2011-12-01

Fixing Ethernet Device Creep

In CentOS, udev remembers various things about your network adapters from boot to boot, most importantly, the MAC address. The reasoning is simple: Boot once, get it setup, shut it down, add a second NIC, boot back up, now which one is supposed to have which address? Generally the idea is this, udev keeps the adapter MAC associated with the device name (so ::08 get's eth0, and ::2b gets eth1. remove ::08 and you'll still have eth1). Then the network scripts in /etc/sysconfig/network-scripts/ named ifcfg- are read by /etc/init.d/network on start up and it associates eth0 -> IP1 eth1 -> IP2.

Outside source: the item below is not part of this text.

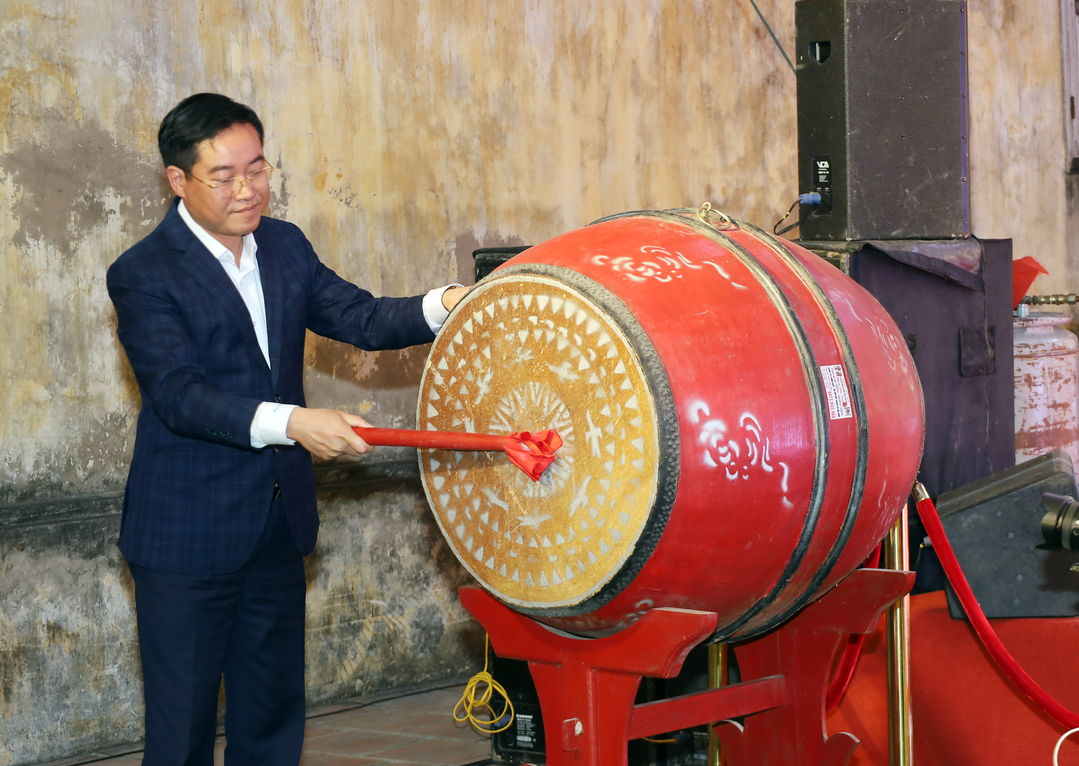 Đồng chí Trần Đức Thuấn, TUV, Bí thư Huyện ủy Lý Nhân đánh trống khai mạc lễ hội.

Problem is, say you're not really set on the MAC you've got (it's a VM and you cloned it, clones get a new MAC. It's a physical box and that card died, replace it and it's got a new MAC). How do you get that coveted eth0 label back so you don't have to change a lot of things**? Well, to quote Dr. Seuss "We can do it, we know how".

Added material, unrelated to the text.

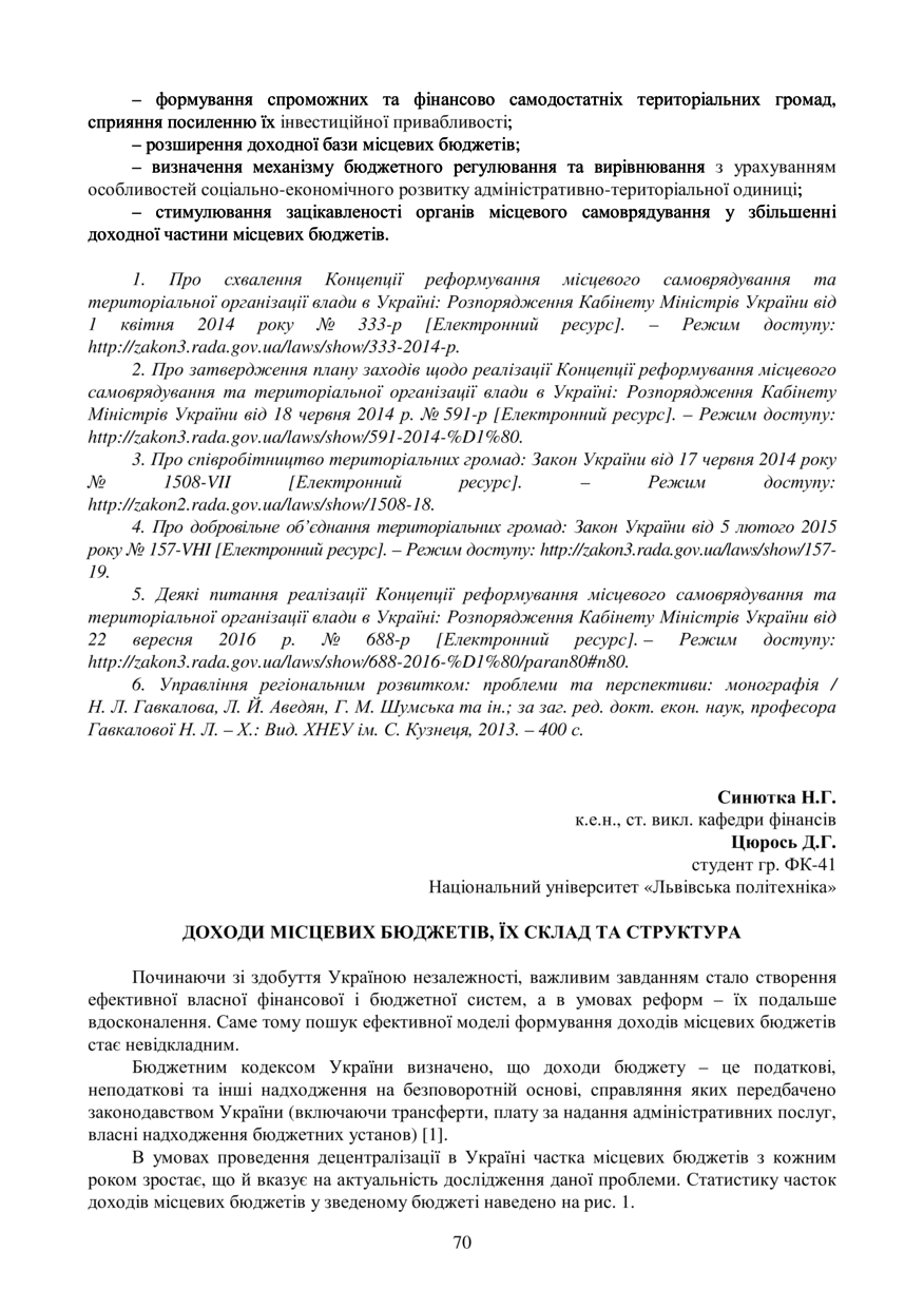 Синютка Н. Г. Доходи місцевих бюджетів, їх склад та структура / Н. Г. Синютка, Д. Г. Цюрось // Управління економічними процесами на макро- і мікрорівні: проблеми та перспективи вирішення : матеріали ІІІ Міжнародної науково-практичної інтернет-конференції молодих учених, 24–25 квітня 2018 р., Львів. — Львів : Видавництво Львівської політехніки, 2018. — С. 70–72. — (Регіональне управління економікою на засадах інноваційного розвитку).

Pull yourself a quick ifconfig listing. Note the MAC address of the NIC you want to be, say, eth0 in this case.

[root@mysystem ~] # ifconfig |grep HWaddr
eth1 Link encap:Ethernet HWaddr 00:50:56:88:00:74
eth2 Link encap:Ethernet HWaddr 00:50:56:88:00:75
eth3 Link encap:Ethernet HWaddr 00:50:56:88:00:7b


In this case, there used to be an eth0 and when I cloned this box, I got eth3. Let's change that.
[root@mysystem ~] # cat /etc/udev/rules.d/70-persistent-net.rules
# PCI device 0x8086:0x100f (e1000)
SUBSYSTEM=="net", ACTION=="add", DRIVERS=="?*", ATTR{address}=="00:50:56:88:00:74", ATTR{type}=="1", KERNEL=="eth*", NAME="eth1"

# PCI device 0x8086:0x100f (e1000)
SUBSYSTEM=="net", ACTION=="add", DRIVERS=="?*", ATTR{address}=="00:50:56:88:00:75", ATTR{type}=="1", KERNEL=="eth*", NAME="eth2"

# PCI device 0x8086:0x100f (e1000)
SUBSYSTEM=="net", ACTION=="add", DRIVERS=="?*", ATTR{address}=="00:50:56:88:00:7b", ATTR{type}=="1", KERNEL=="eth*", NAME="eth3"

What we need to do is edit this file and change that last 'NAME="eth3"' to 'NAME="eth0"'.

Now, I'd say reboot, but you need to do one more check first... Make sure you have something in /etc/sysconfig/network-scripts/ifcfg-eth0 and make sure of two things, if you have a Device= line that it says eth0 (In case you thought you'd be clever by copying ifcfg-eth3 to ifcfg-eth0 and rolling with it). Also, make sure if it has a HWADDR= line that it equals the new MAC and not the old one. Truthfully, since udev does the association from MAC->device name, this line isn't necessary and I almost always comment it out (# at the front of the line works in this file), but CentOS's "system-config-network" script adds it in there, so watch out. Okay, now reboot!

** I know, this doesn't seem like that big of a deal, but if you have a complex setup of many NICs and/or are using a monitoring program to watch traffic on a specific NIC, you now have more to change. Especially if there's a group of servers that match and now this one doesn't, etc.